Data analysis with AI: how to measure the effectiveness of employee communication
In today’s organizations, the intranet is a fundamental internal communication tool. However, simply having content isn’t enough to guarantee its effectiveness. What’s crucial is regular data analysis, which allows you to precisely evaluate what works and what needs improvement. This is where artificial intelligence comes in. In this article, we’ll explore how, with AI support, you can effectively analyze intranet data, turning numbers and statistics into actionable recommendations.
Data analysis with AI – the crucial preparation phase
Every effective data analysis with AI starts with careful data preparation. Intranet data should include information about employee activity, for example, how many times an article was viewed, how long users stayed on a page, and how often different sections were used. The easiest way to export such data is from analytics tools like Workai Analytics, in CSV or Excel format.

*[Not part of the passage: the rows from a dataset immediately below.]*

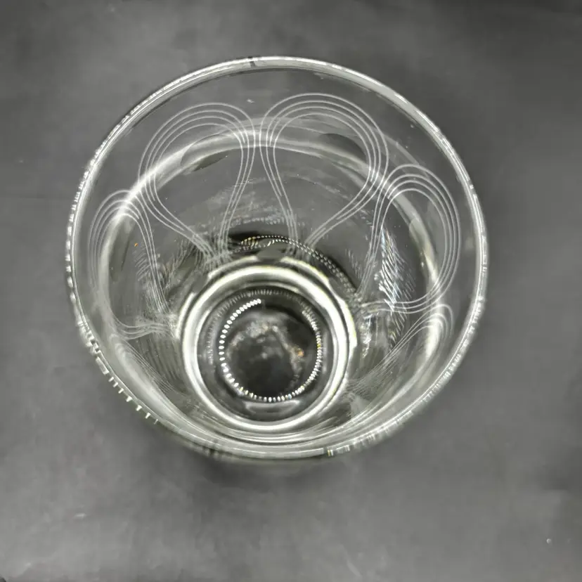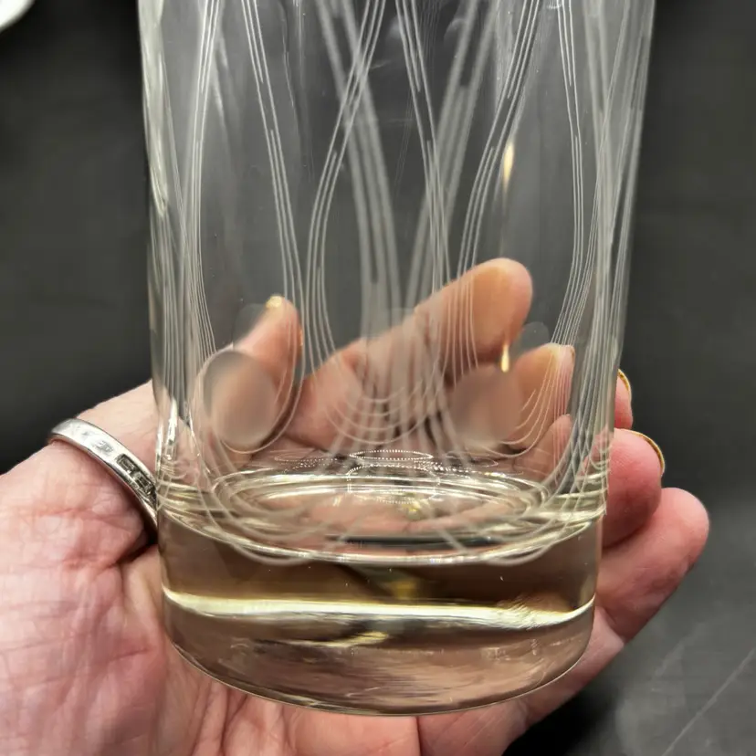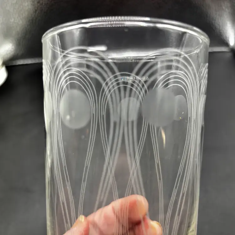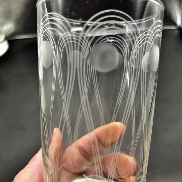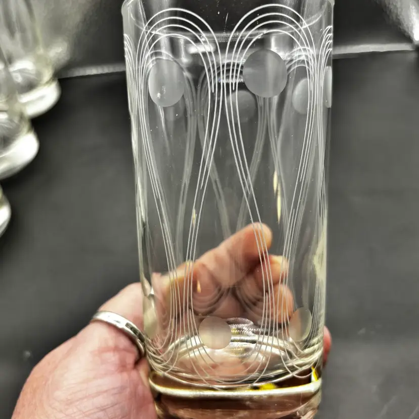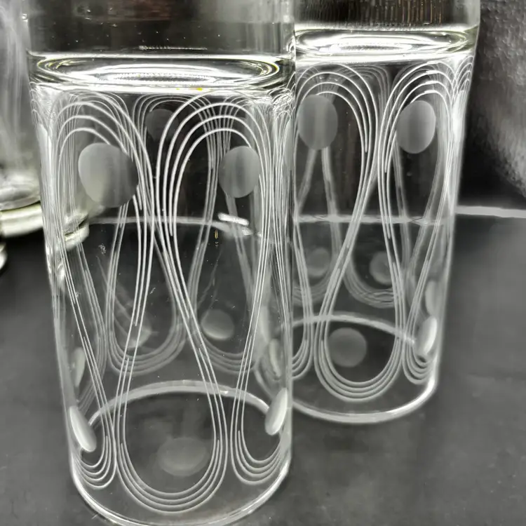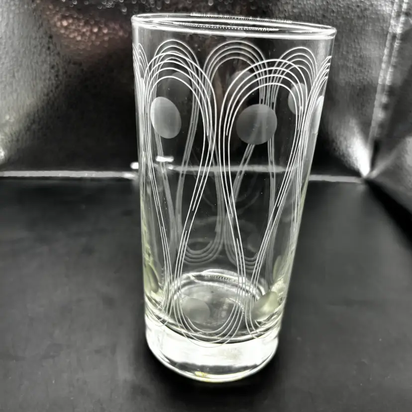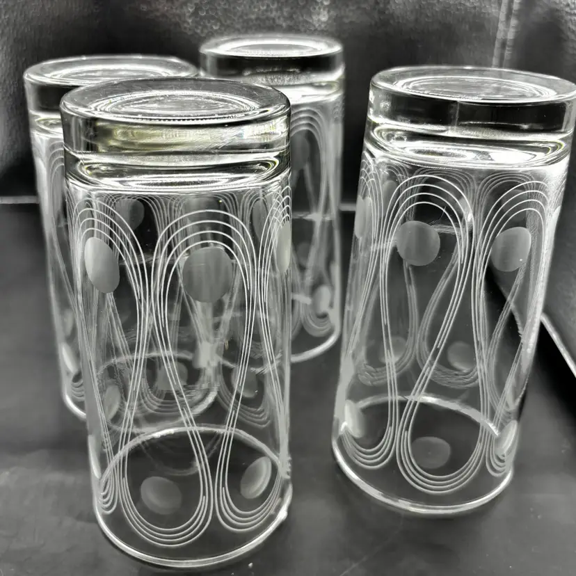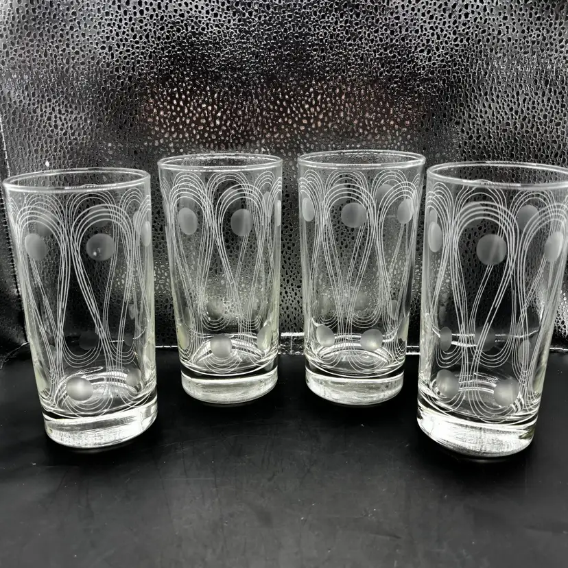 4 Libbey Glasses White Swirls & Frosted Dots 5-1/2" MCM Highballs Art Deco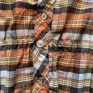 Super cute vintage 70s plaid sleeveless shirt! Rounded collar, cute little pockets, elastic at waist. One button at waist has been replaced, 3rd photo. Marked 11-12, Fits like medium, measurements laying flat: Pit to pit and shoulders: 19” Waist: 16” to 18” elastic Length: 22.5”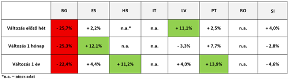 A könnyű bárány árak tekintetében a 40. héten Lettországban 11,1%-os, Szlovéniában 4,0%-os, Portugáliában 2,5%-os, Spanyolországban 2,2%-os emelkedés, Bulgáriában pedig jelentős, -25,7%-os csökkenés volt tapasztalható az előző heti árakhoz képest.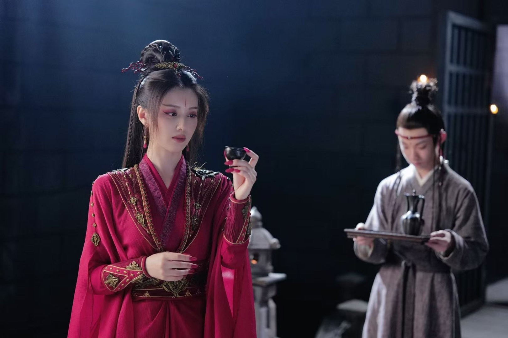王鹤润妆造 姐姐今天妆造氛围感拉满,妆容干净精致、气质温婉灵动,台上认真拍戏,线
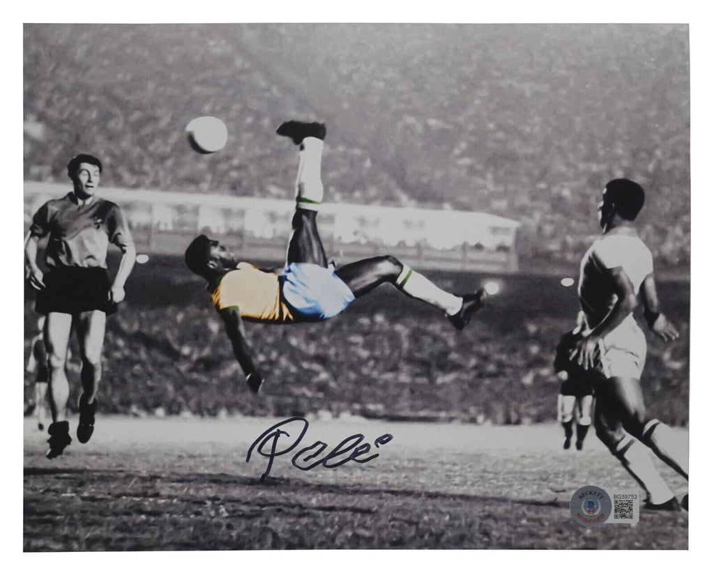 This is a Pele Signed Iconic Overhead Kick Soccer Print Size 8'' x 10'' with Beckett COA. THE ITEM IN THE PICTURE IS A STOCK IMAGE. YOU WILL RECEIVE AN IDENTICAL ITEM OF EQUAL QUALITY. ALL JERSEYS ARE SIZE LARGE. Every item of signed memorabilia we sell is official and of the highest quality. We pride ourselves on providing sports fans with the most exclusive signed memorabilia on the market. We are an industry leading signed memorabilia company who can guarantee 100% authenticity on every signature we sell. The item you receive will be identical to the one you are seeing in the stock pictures. This includes the item, the authentication company, signature color and signature placement. We take pride in ensuring the authenticity of all our items. With unwavering commitment, we guarantee that every signature is 100% authentic. Every item of signed memorabilia comes with a scannable barcode which takes you to the certificate of authenticity on the company's website. These industry leading authentication companies include Beckett Authentication Services, James Spencer Authentication Services and Professional Sports Authentication Services.

When preparing data, make sure it’s well-organized, with titled columns, view counts, reading times, and publication dates. This structure allows AI to quickly understand the context, leading to better quality insights.
Feeding data into AI step by step
Once your data is ready, you can share it directly with a tool like ChatGPT. In practice, this means pasting part or all of your table and adding a detailed instruction. The more precise your question, the more useful the answers you’ll get.

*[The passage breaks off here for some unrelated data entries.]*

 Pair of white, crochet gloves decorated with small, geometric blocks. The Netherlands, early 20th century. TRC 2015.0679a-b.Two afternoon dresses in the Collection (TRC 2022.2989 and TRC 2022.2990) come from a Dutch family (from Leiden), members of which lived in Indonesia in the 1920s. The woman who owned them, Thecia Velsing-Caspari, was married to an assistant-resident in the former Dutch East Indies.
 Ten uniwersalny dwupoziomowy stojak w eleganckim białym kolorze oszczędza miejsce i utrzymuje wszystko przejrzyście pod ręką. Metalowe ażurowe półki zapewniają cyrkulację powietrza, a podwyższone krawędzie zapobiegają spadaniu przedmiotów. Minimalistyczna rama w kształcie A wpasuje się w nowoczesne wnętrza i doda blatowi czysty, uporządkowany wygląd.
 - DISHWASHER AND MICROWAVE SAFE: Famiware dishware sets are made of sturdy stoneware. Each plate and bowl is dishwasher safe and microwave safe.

For example, if your goal is to identify which content is worth continuing, you might ask:
„Based on the intranet data below, indicate the three most-read articles from the last quarter. Briefly explain what might have driven their popularity.”
The result will be a quick summary of what especially interests your employees, along with suggestions for future content.

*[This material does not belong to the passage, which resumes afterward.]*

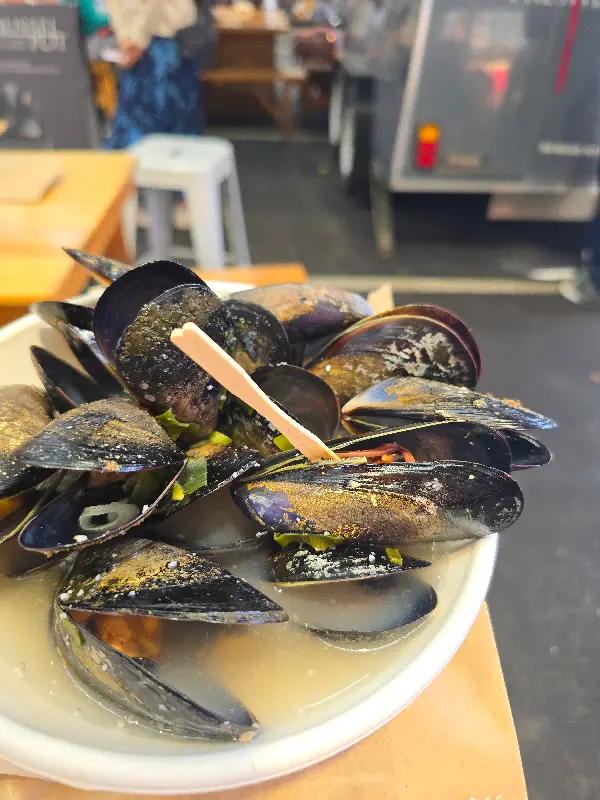퀸 빅토리아 마켓의 활기 넘치는 풍경 속에서, 유독 눈길을 끄는 곳이 있다. 바로 ‘The Mussel Pot’. 싱싱한 홍합과 다채로운 소스의 향연이 미식가들의 발길을 사로잡는 이곳은, 멜버른 여행에서 빼놓을 수 없는 맛집으로 자리매김했다. 여행 전부터 수많은 후기를 통해 그 명성을 익히 들어왔지만, 직접 경험해보니 그 기대는 훨씬 뛰어넘는 감동으로 다가왔다. 마켓의 북적거림을 뚫고 드디어 마주한 The Mussel Pot. 그 생생한 맛의 여정을 지금부터 펼쳐보려 한다.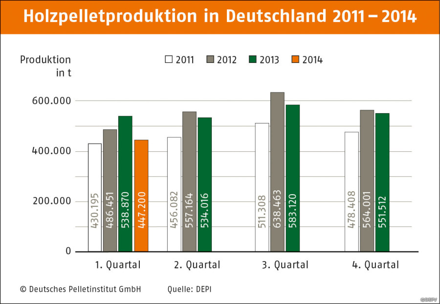 Als Rohstoff setzten die Pelletproduzenten in Deutschland auch im ersten Quartal 2014 weiterhin vor allem Sägerestholz ein (82,8 Prozent). Der Einsatz von nicht sägefähigem Rundholz (sog. Industrieholz) lag bei 17,2 Prozent. Über 99 Prozent der Pellets werden für die Bereitstellung von Wärme in kleinen und mittleren Anlagen hergestellt (Qualitäten A1 und A2). Lose Ware, die mit dem Tankwagen angeliefert wird, machte im Pellethandel 83 Prozent aus, Sackware 17 Prozent. Der Großteil der Pellets wird demnach in Pelletkesseln eingesetzt, der Rest in Pelletkaminöfen. Über 85 Prozent der Inlandsproduktion wurde im ersten Quartal auch im Inland verbraucht, knapp 15 Prozent exportiert.

Asking the right questions
AI can help provide highly specific insights, provided you frame your questions correctly. For instance, if you notice a drop in engagement in the news section, your question might be:
“Analyzing the article view data from the last three months, do you notice any trends? Suggest actions we could take to increase interest in intranet publications.”
Another valuable question could be:
“Which topics covered on the intranet in the last quarter generated the most engagement (reading time and clicks)? List them with brief explanations.”
You can also ask for a time-based summary, such as:
“Based on the data I provided, what is the best day of the week and time to publish new content on the intranet?”
Such responses allow you to optimize your publishing schedule and improve communication effectiveness.
Ongoing support in monitoring content
Thanks to AI, data analysis on the intranet doesn’t have to be a one-time action. You can easily automate this process by regularly asking AI for fresh recommendations. For example, you might share article view statistics weekly and request updated suggestions for upcoming publications.
A sample prompt you can use regularly:
“Analyzing the latest article readership data, suggest three topics we should cover in the next newsletter or on the intranet homepage. Include topics that have gained popularity recently.”
This approach helps you quickly capture shifts in employee preferences and dynamically adjust your communication to current needs.

Supporting the interpretation of qualitative data
AI can analyze not only numbers but also help interpret qualitative data, like comments, opinions, or employee feedback. For example, you might copy a few comments from under an article or feedback survey responses into ChatGPT and ask for sentiment analysis, such as:
“Asses the sentiment of comments under the latest article about hybrid work. Provide conclusions that can help us improve future communication on this topic.”
This gives you a quick overview of whether the content generated positive reactions or sparked concerns, allowing you to adjust future messaging.
Example use cases
Data analysis with AI is increasingly used by companies to evaluate the effectiveness of newsletters and tailor content to real employee needs. For instance, one organization noticed a drop in newsletter open rates and lower audience engagement. After analyzing the data, AI revealed that repeatedly covering the same topics decreased interest. By introducing more diverse content and testing new formats, such as video summaries or interactive elements, the open rate increased by several percentage points.
Another use case is optimizing send times. In one company, AI analyzed historical data and found that newsletters sent on Wednesday mornings performed significantly better than those sent on Mondays or Fridays. Adjusting the schedule helped improve open rates and reach.
AI can also support evaluating content structure. In one case, the system noticed that longer articles at the end of the newsletter were often skipped. After reordering the layout and adding short summaries at the beginning, click-through rates in less popular sections increased substantially. Thanks to such analyses, organizations can continuously optimize their newsletters, better align with employee expectations, and improve internal communication effectiveness.
Summary
Data analysis with AI enables quick, data-driven decision-making, improving corporate communication efficiency. By asking precise questions, you can easily translate data into practical recommendations, leading to more targeted and engaging internal messaging. Remember, AI doesn’t replace the communicator, but it greatly strengthens their capabilities.
When used properly, AI turns intranet data analysis into a regular, simple, and highly effective task. Start using these capabilities today and watch how your company’s communication evolves.